Copper indium gallium diselenide-based technology provides the most efficient solar energy conversion among all thin-film photovoltaic devices. This is possible due to engineered gallium depth gradients and alkali extrinsic doping. Sodium is well known to impede interdiffusion of indium and gallium in polycrystalline Cu(In,Ga)Se2 films, thus influencing the gallium depth distribution. Here, however, sodium is shown to have the opposite effect in monocrystalline gallium-free CuInSe2 grown on GaAs substrates. Gallium in-diffusion from the substrates is enhanced when sodium is incorporated into the film, leading to Cu(In,Ga)Se2 and Cu(In,Ga)3Se5 phase formation. These results show that sodium does not decrease per se indium and gallium interdiffusion. Instead, it is suggested that sodium promotes indium and gallium intragrain diffusion, while it hinders intergrain diffusion by segregating at grain boundaries.
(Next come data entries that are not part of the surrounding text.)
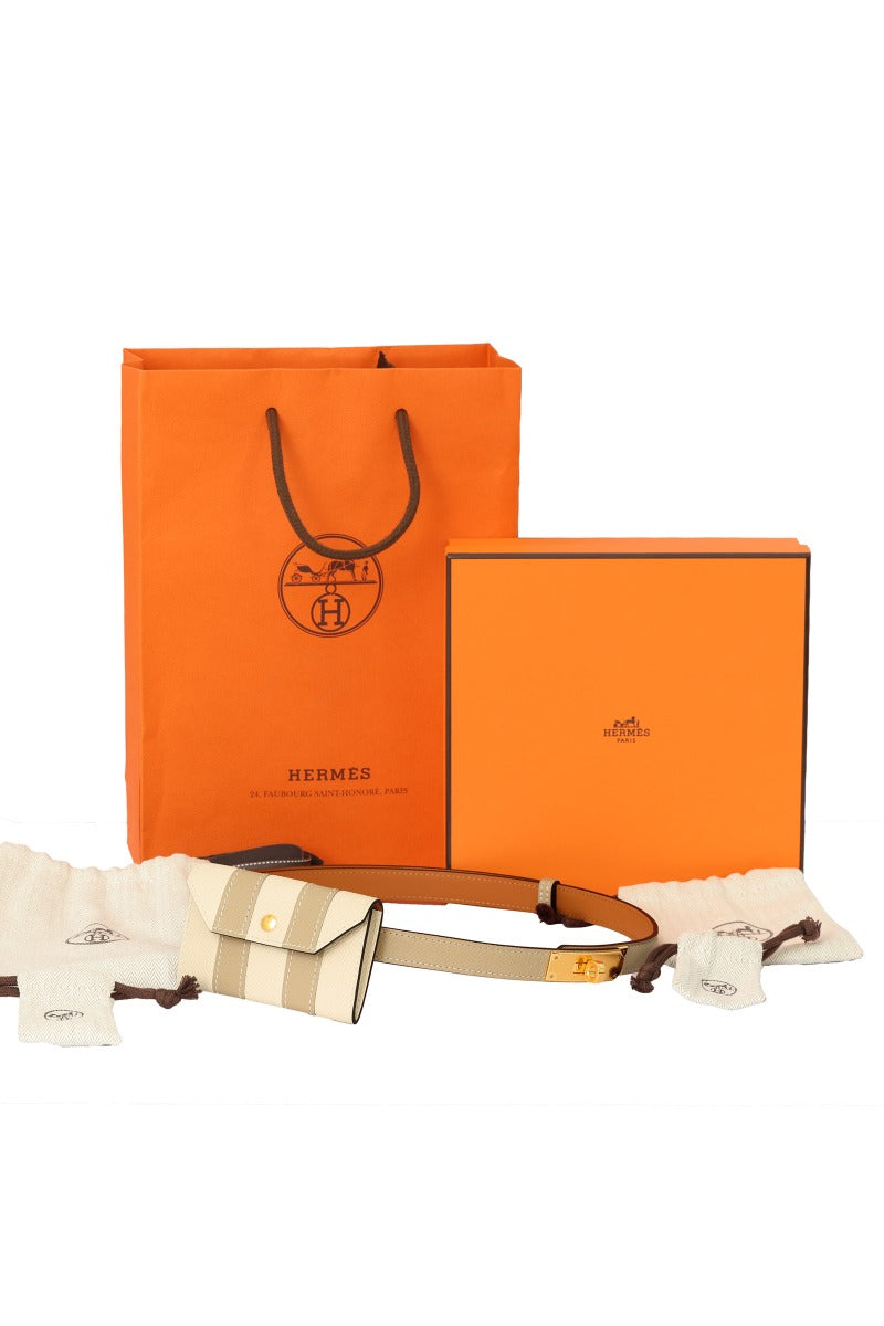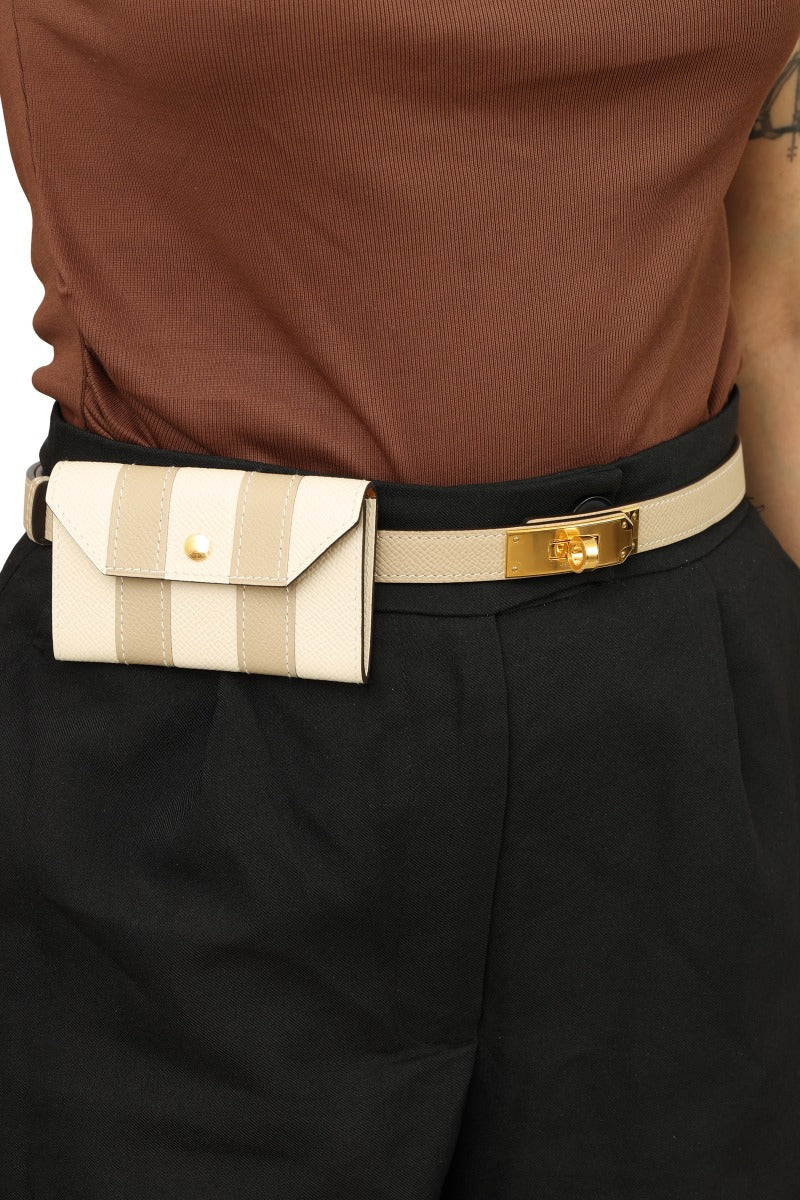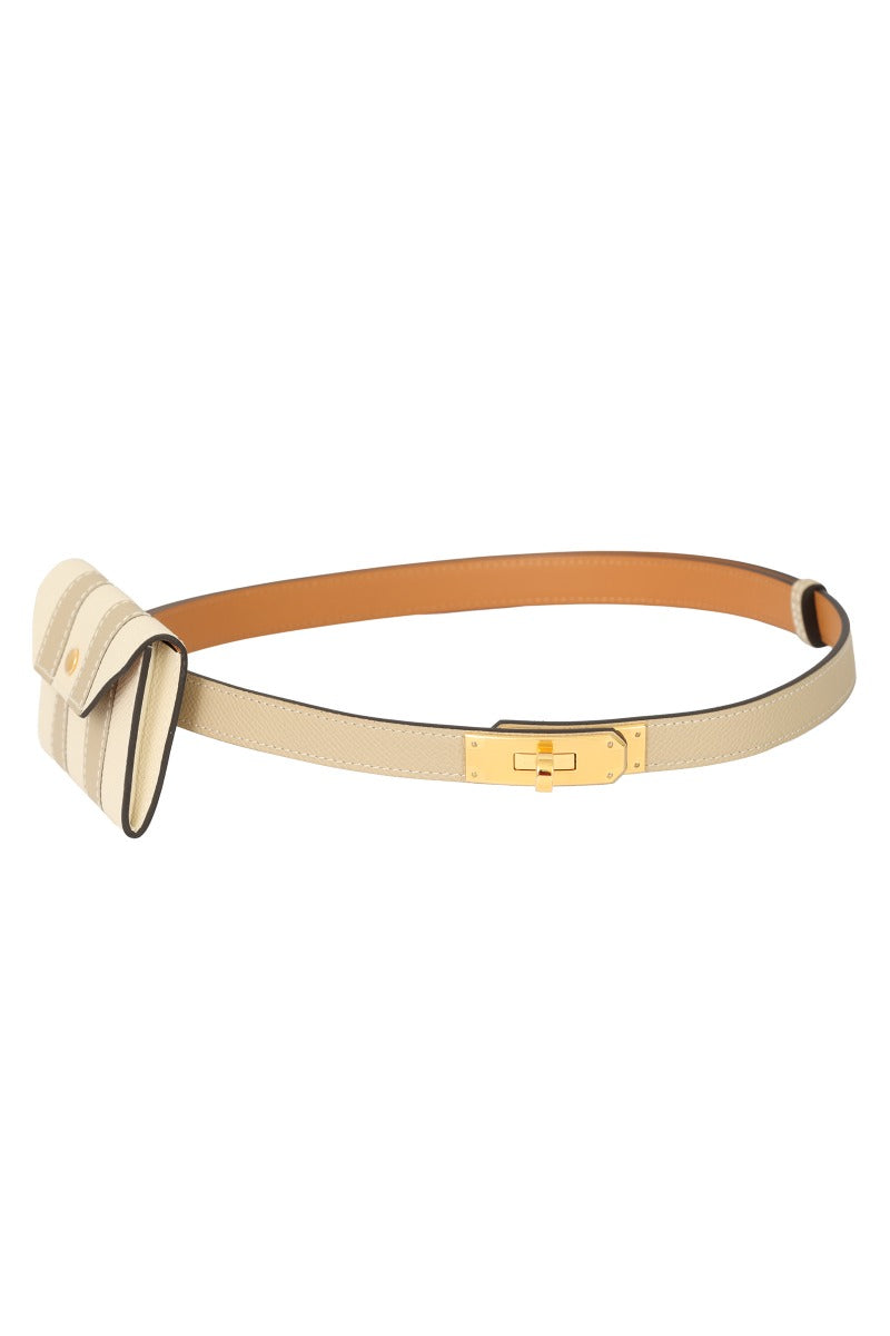 HERMES KELLY POCKET BAYADRE 18 BELT comes in this stunning Trench/Chalk color. It falls under our New With tags Condition Category. No visible wear and tear or fading can be seen.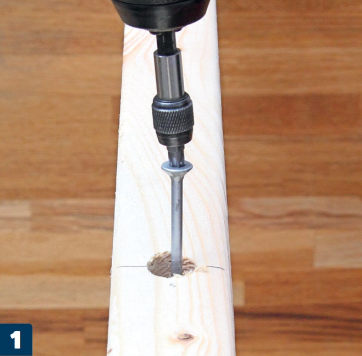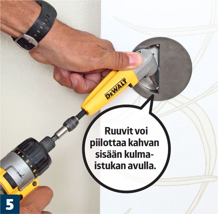Poraa aluksi alariman läpi nelimillinen reikä. Tee pintaan 14 milliä syvä reikä 10 millin terällä, jotta ruuvin kanta uppoaa pinnan alle.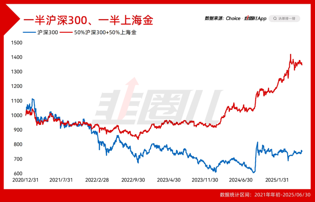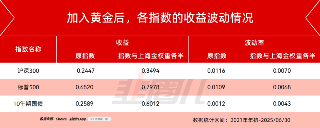 而如果2021年年初,沪深300指数和上海金指数权重各半,那么收益率会提高至34.94%,波动率反而降至0.7%。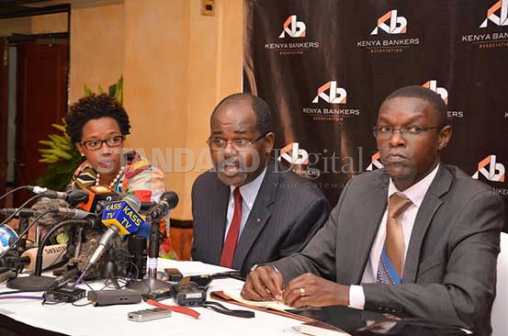 KBA chief executive Habil Olaka (centre) addressing journalists yesterday. With him are Nuru Mugambi, KBA Director of Communications (left) and Jared Osoro, KBA Director of Research. [PHOTO: WILBERFORCE OKWIRI/Standard]

The deeper understanding of dopant-mediated atomic diffusion mechanisms should lead to more effective chemical and electrical passivation strategies, and more efficient solar cells.

Suggested Citation

  • Diego Colombara & Florian Werner & Torsten Schwarz & Ingrid Cañero Infante & Yves Fleming & Nathalie Valle & Conrad Spindler & Erica Vacchieri & Germain Rey & Mael Guennou & Muriel Bouttemy & Alba Gar, 2018. "Sodium enhances indium-gallium interdiffusion in copper indium gallium diselenide photovoltaic absorbers," Nature Communications, Nature, vol. 9(1), pages 1-12, December.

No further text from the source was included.